• Task goal: The lines below, from the one holding "Rear view of" through the one holding "七里御浜の釣り場の写真。玉石の様子を写した写真", are to be restated word for word, with all images left out.
Records provided below:
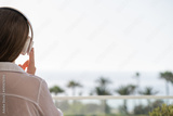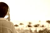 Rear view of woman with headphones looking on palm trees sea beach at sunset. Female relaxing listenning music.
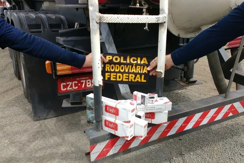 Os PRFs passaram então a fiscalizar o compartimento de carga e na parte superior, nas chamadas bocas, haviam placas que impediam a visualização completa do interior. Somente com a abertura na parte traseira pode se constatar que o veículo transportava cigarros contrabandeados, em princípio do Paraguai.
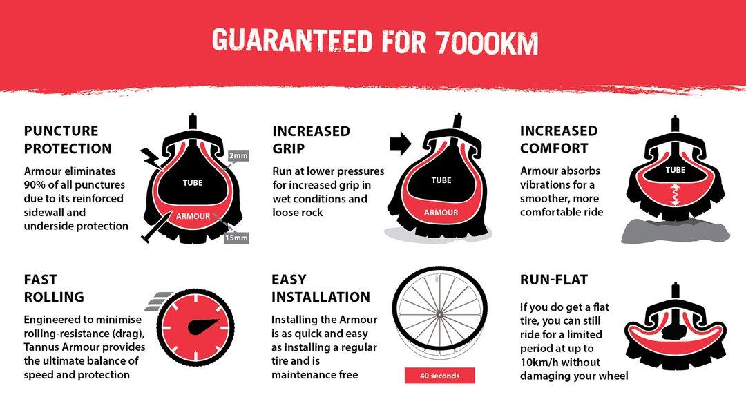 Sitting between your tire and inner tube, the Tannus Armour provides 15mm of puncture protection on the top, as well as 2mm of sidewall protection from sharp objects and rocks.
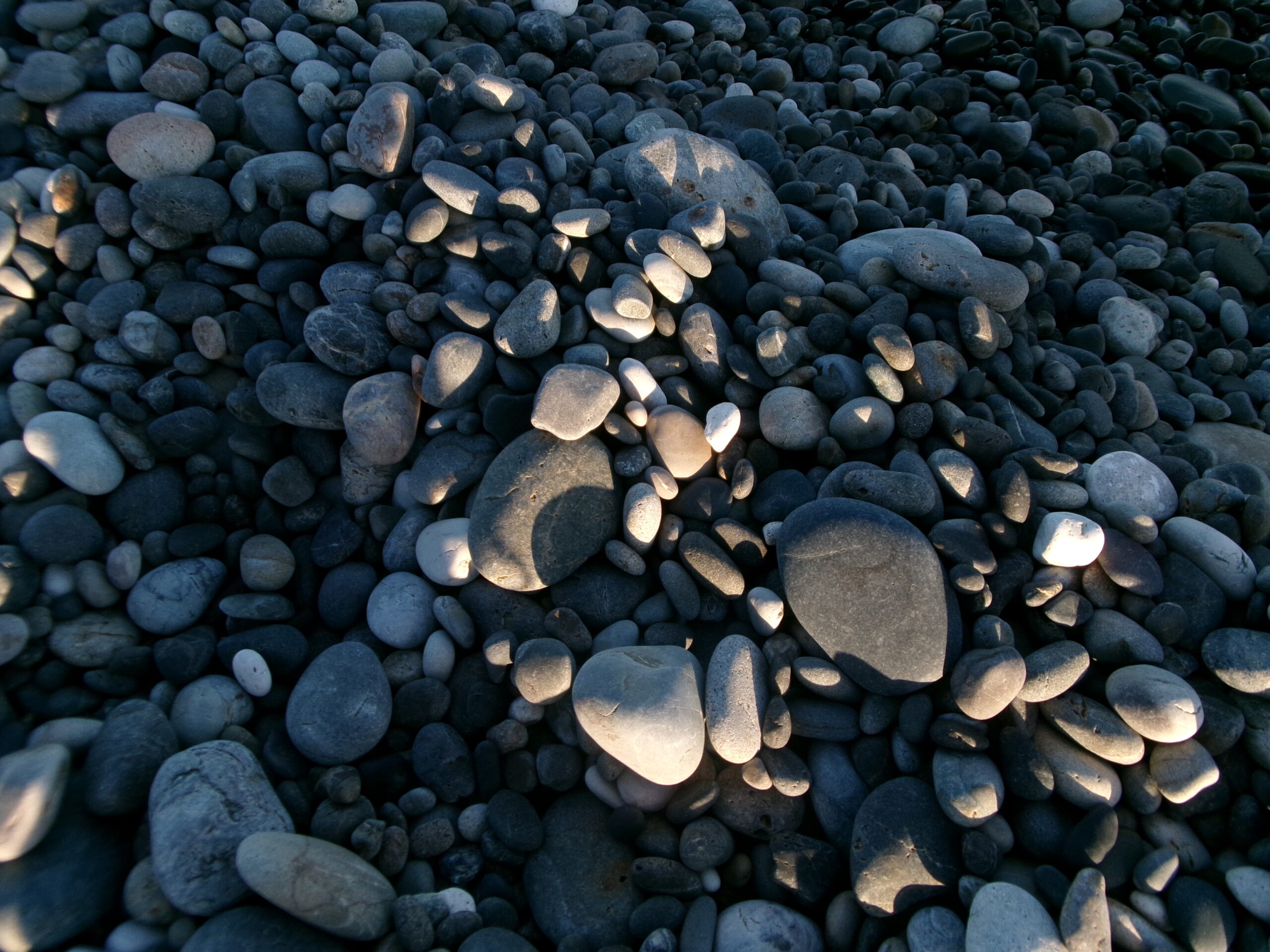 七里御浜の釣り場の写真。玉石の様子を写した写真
End of Records provided.
Records provided below:
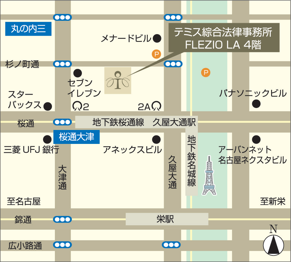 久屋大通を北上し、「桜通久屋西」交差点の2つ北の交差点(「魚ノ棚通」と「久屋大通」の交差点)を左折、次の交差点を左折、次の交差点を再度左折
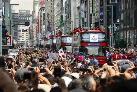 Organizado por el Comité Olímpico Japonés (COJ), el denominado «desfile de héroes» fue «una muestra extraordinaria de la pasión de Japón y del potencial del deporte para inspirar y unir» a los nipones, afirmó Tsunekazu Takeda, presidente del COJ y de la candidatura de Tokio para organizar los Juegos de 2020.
End of Records provided.
• Written answer:
 Rear view of woman with headphones looking on palm trees sea beach at sunset. Female relaxing listenning music.
 Os PRFs passaram então a fiscalizar o compartimento de carga e na parte superior, nas chamadas bocas, haviam placas que impediam a visualização completa do interior. Somente com a abertura na parte traseira pode se constatar que o veículo transportava cigarros contrabandeados, em princípio do Paraguai.
 Sitting between your tire and inner tube, the Tannus Armour provides 15mm of puncture protection on the top, as well as 2mm of sidewall protection from sharp objects and rocks.
 七里御浜の釣り場の写真。玉石の様子を写した写真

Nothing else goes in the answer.